People never seem to understand that the Indian street dog (please don’t call us strays) are hardy, intelligent, affectionate creatures, often much more so that their pedigreed, imported counterparts, who have been viciously inbred by exploitative breeders. Street dogs have to be all these things in order to survive. Far from harming people, they are – when properly vaccinated against rabies and other diseases – man’s best pals, to coin a phrase. They act as excellent guards for the neighbourhood, alerting everyone to the intrusion of strangers by barking. Yet people keep on wanting to get rid of them. Not realising that nature abhors a vacuum and if you get rid of one lot of street dogs, another lot will inevitably take their place.
There is no such thing as a ‘stray dog menace’. There is only a ‘stray human menace’. Who is it that has strayed from the straight and narrow of God’s plan (and please don’t tell me that God is dog spelt backwards, because if i’ve heard that once i’ve heard it for the umpteenth time)?
Is it dogs, who live together amicably in the casteless, creedless democracy of doggydom, who have strayed? Or is it humans, with their caste conflicts and their religious wars, their whites and their blacks, their Hindus and Muslims and Sikhs and Christians, their Maoists and their monarchists, their Indias and their Pakistans, their terrorists and their victims, who are the real strays? And the real menace.

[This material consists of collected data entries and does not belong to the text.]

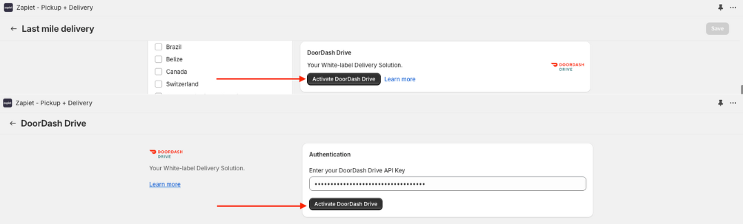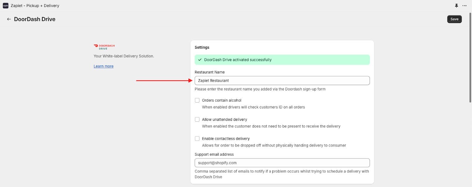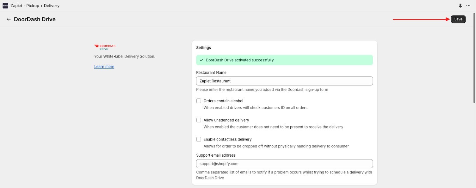 DoorDash Drive has now been activated—to finish setting up, you need to configure your settings: set your delivery zones, fees, and preferences for DoorDash deliveries within Zapiet.
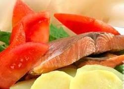 Филе горбуши нарежьте порционными кусками, отварите в подсоленной воде с добавлением лимонного сока, охладите. Помидор нарежьте дольками, картофель — кружочками, цветную капусту разберите на соцветия.
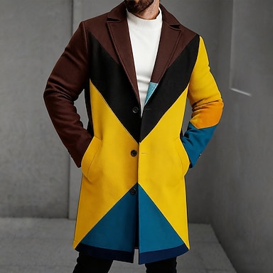 Муж. Геометрический принт Контрастных цветов Легкая куртка Пальто Сохраняет тепло На каждый день Бизнес Повседневные 3D печать Пуговицы Передний карман Весна Осень Зима Острый Длинный рукав
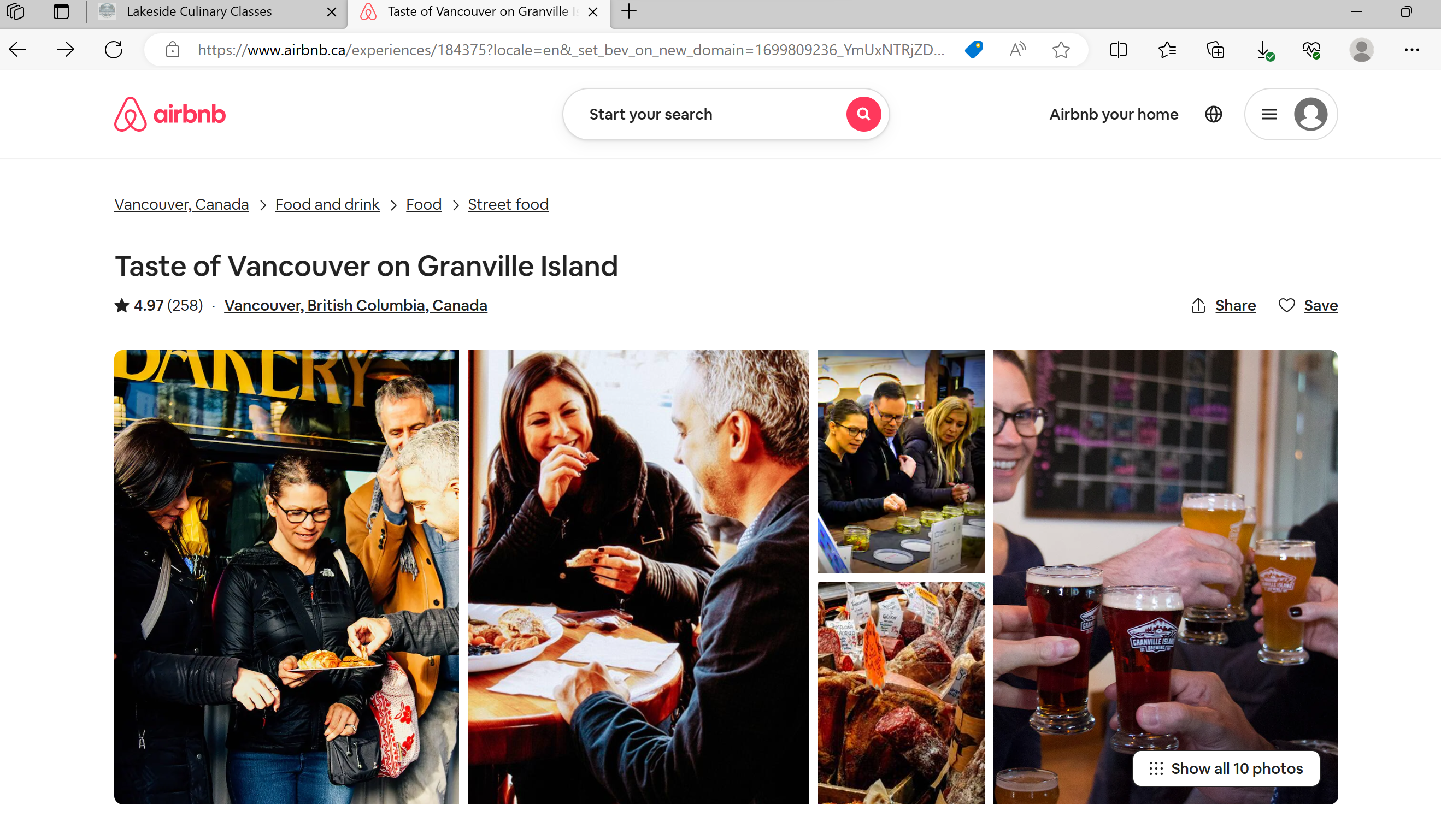 Following extensive travel, I began teaching private, in-person cooking classes in Vancouver. I found it incredibly fulfilling to deal with “real” people vs the virtual world. Getting into the kitchen and witnessing someone transform their cooking skills in just a few hours was extremely rewarding. At the same time, I also led my own food-tasting tours on Granville Island through Airbnb Experiences, and I was grateful that guests rated the experience 4.97 out of 5 across 258 reviews, which reinforced my focus on thoughtful cooking, storytelling, and hospitality. Meeting new people and being able to talk about and share the best food in the market was a thrill for me.

Not only to each other, but to all of the rest of creation as well.
It wasn’t dogs who created 9/11, and 26/11, and al-Qaeda, and the Sri Lankan civil war, and the Taliban, and not one but two world wars. All these are human creations. And what wondrous creations. Can you imagine a dog creative enough to devise 65,000 nuclear warheads capable of killing every living creature on this planet a hundred times over? No. Only humans are creative enough to have done that. Though they have yet to prove themselves creative and clever enough to find a cure for the common cold. Or AIDS, or cancer, or a score of other killer diseases.
Humans have been too busy doing other things. Like polluting the planet and destroying its environment. The world’s forest cover has been thinned from 7.6 billion hectares in the pre-industrial age to 2.8 billion hectares. And that’s fast disappearing. Between 1700 and 1900, thanks to human activity, more than 20,000 species of plants, 593 species of birds, over 400 species of animals and 209 species of amphibians became extinct. Today, humans wipe out one species every day on an average. Tell me about the ‘stray dog menace’.
Unlike humans, who think the universe and everything in it was created only for their benefit to do with as they will, we dogs believe in the co-fraternity of all living things. And that includes cats. Cats? Oh, lor, what have Bunnylady and Jugfellow done? They’ve let Himal into the place. And Himal is a cat! Who insists on literally rubbing shoulders with me. Yuck. So, while there’s no such thing as a stray dog menace, if you were to talk about a stray cat menace, you might get me to agree. Or maybe not. For the basic dharma that doggydom teaches is to live and let live. Which means cats too. Where’s that damn Himal gone to…?

Web Linkshttp://blogs.timesofindia.indiatimes.com/jugglebandhi/
Contactsjug.suraiya@timesgroup.com

Printed without the permission of Jug Surai... I admire a lot and would like to recommend his books like JUGGLING ACT as compensation

3 comments:

mcgs07 said...

Very nice text but
fotos are not from Indian times. My sister will enjoy the article very much. Will send her the link

Pinus Silvestris said...

I always try to bring a personal touch to the stolen articles

animtreebird said...

Very nice article on street dogs.:)))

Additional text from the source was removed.